__Directions for this task__: The entries below contain a stretch that opens with the line containing "CARFAX One-Owner. Clean" and closes with the line containing "HMC909LP4E. RMS POWER"; set down that stretch exactly, both ends included, and nothing else.
[[ Records to use, beginning ]]
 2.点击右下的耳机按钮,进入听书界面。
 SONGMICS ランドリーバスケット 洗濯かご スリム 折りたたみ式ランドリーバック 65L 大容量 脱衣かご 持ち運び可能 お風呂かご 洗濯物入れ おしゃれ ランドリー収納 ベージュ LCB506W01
[[ Records to use, end ]]
[[ Records to use, beginning ]]
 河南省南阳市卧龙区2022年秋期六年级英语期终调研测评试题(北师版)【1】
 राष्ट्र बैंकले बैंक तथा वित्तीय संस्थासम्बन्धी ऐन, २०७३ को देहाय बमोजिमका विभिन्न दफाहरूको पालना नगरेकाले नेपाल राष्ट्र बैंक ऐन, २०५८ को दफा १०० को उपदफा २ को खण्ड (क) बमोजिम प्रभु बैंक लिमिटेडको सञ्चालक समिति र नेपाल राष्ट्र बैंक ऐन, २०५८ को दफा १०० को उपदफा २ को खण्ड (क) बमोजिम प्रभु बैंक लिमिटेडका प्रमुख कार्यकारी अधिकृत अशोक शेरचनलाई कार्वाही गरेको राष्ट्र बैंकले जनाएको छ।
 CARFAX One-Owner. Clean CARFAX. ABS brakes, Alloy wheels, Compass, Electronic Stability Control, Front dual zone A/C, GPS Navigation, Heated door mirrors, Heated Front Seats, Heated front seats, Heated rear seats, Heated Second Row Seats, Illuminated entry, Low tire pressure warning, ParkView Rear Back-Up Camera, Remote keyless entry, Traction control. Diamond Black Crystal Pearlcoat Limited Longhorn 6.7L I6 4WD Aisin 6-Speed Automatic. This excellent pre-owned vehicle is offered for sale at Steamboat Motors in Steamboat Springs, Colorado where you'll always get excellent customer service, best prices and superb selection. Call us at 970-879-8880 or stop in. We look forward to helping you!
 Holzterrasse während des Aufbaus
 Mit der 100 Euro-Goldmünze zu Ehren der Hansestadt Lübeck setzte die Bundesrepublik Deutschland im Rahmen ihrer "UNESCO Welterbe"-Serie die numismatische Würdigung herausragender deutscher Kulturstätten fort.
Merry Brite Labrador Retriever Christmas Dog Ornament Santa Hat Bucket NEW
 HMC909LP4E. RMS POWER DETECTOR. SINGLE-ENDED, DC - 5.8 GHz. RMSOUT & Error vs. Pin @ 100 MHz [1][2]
[[ Records to use, end ]]
__Finished task__:
 CARFAX One-Owner. Clean CARFAX. ABS brakes, Alloy wheels, Compass, Electronic Stability Control, Front dual zone A/C, GPS Navigation, Heated door mirrors, Heated Front Seats, Heated front seats, Heated rear seats, Heated Second Row Seats, Illuminated entry, Low tire pressure warning, ParkView Rear Back-Up Camera, Remote keyless entry, Traction control. Diamond Black Crystal Pearlcoat Limited Longhorn 6.7L I6 4WD Aisin 6-Speed Automatic. This excellent pre-owned vehicle is offered for sale at Steamboat Motors in Steamboat Springs, Colorado where you'll always get excellent customer service, best prices and superb selection. Call us at 970-879-8880 or stop in. We look forward to helping you!
 Holzterrasse während des Aufbaus
 Mit der 100 Euro-Goldmünze zu Ehren der Hansestadt Lübeck setzte die Bundesrepublik Deutschland im Rahmen ihrer "UNESCO Welterbe"-Serie die numismatische Würdigung herausragender deutscher Kulturstätten fort.
Merry Brite Labrador Retriever Christmas Dog Ornament Santa Hat Bucket NEW
 HMC909LP4E. RMS POWER DETECTOR. SINGLE-ENDED, DC - 5.8 GHz. RMSOUT & Error vs. Pin @ 100 MHz [1][2]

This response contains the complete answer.